Task brief: Please copy exactly the part of the records below that opens with the line containing "Toilet & Sanitation" and closes with the line containing "Sunday, July 14, 10", leaving out any pictures.

Data extracts:

▬▬▬▬▬▬▬▬▬▬

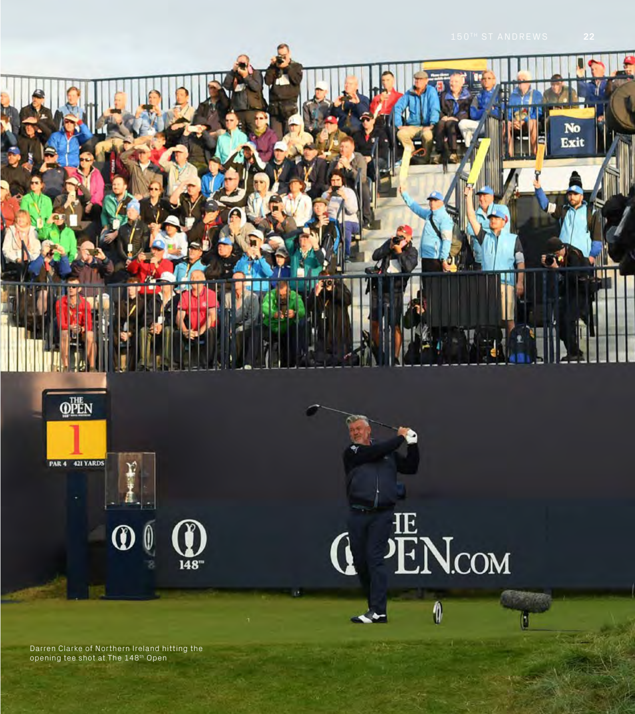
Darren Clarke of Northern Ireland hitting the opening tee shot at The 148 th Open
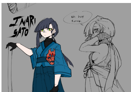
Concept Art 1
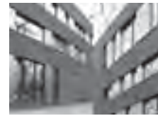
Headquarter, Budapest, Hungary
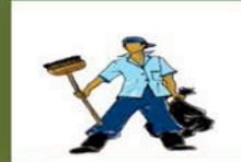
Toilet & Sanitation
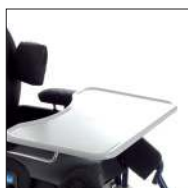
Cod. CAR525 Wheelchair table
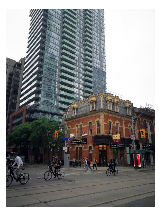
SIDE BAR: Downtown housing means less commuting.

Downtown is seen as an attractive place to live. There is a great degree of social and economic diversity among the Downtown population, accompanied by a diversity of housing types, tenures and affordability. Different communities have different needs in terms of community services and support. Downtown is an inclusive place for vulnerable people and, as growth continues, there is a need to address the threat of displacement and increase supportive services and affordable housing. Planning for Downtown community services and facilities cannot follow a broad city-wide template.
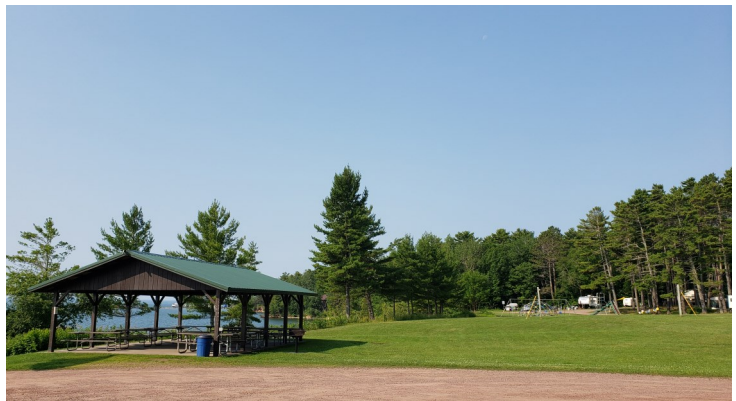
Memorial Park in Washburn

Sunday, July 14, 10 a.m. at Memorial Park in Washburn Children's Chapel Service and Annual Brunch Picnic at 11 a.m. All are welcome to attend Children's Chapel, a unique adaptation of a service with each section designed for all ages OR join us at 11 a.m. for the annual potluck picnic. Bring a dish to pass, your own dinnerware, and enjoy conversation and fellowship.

▬▬▬▬▬▬▬▬▬▬

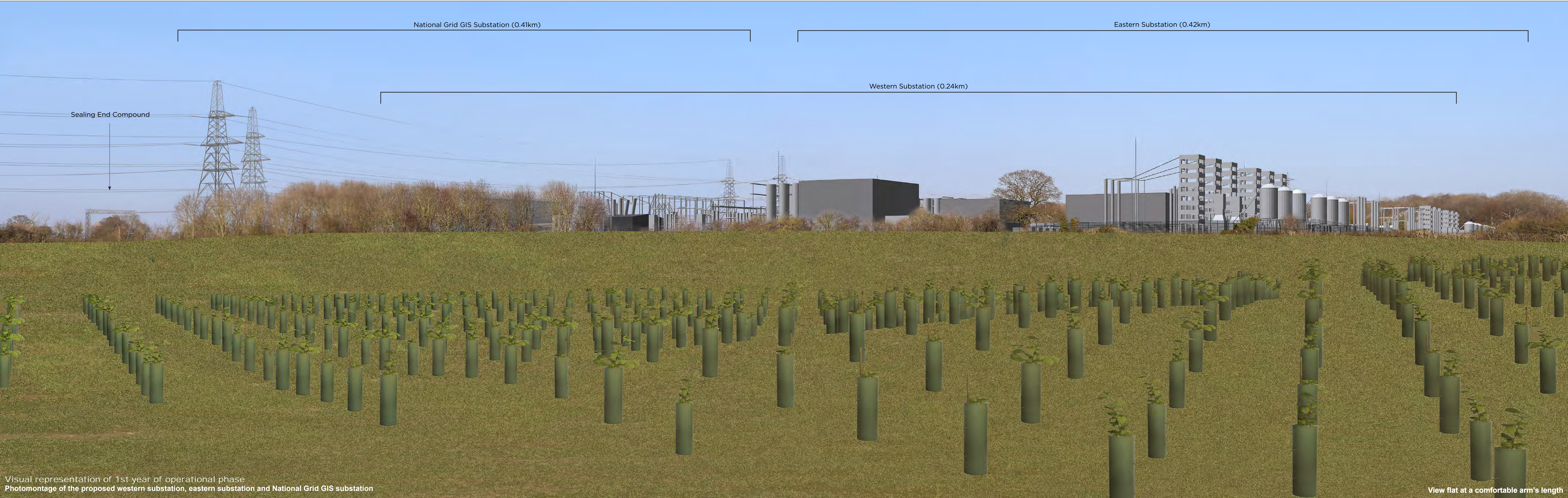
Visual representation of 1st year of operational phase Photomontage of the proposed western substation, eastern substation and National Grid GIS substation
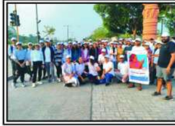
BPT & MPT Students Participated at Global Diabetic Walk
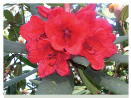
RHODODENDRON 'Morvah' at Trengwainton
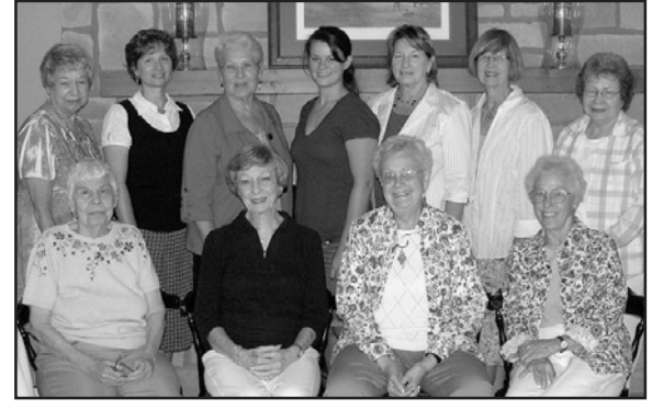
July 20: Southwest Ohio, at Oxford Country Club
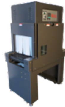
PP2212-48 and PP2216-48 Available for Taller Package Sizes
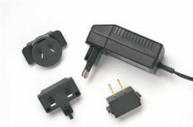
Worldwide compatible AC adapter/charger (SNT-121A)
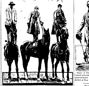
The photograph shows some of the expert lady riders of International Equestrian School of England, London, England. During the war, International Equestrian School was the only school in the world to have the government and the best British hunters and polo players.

▬▬▬▬▬▬▬▬▬▬

Solution to the exercise:
Toilet & Sanitation
Cod. CAR525 Wheelchair table
SIDE BAR: Downtown housing means less commuting.

Downtown is seen as an attractive place to live. There is a great degree of social and economic diversity among the Downtown population, accompanied by a diversity of housing types, tenures and affordability. Different communities have different needs in terms of community services and support. Downtown is an inclusive place for vulnerable people and, as growth continues, there is a need to address the threat of displacement and increase supportive services and affordable housing. Planning for Downtown community services and facilities cannot follow a broad city-wide template.
Memorial Park in Washburn

Sunday, July 14, 10 a.m. at Memorial Park in Washburn Children's Chapel Service and Annual Brunch Picnic at 11 a.m. All are welcome to attend Children's Chapel, a unique adaptation of a service with each section designed for all ages OR join us at 11 a.m. for the annual potluck picnic. Bring a dish to pass, your own dinnerware, and enjoy conversation and fellowship.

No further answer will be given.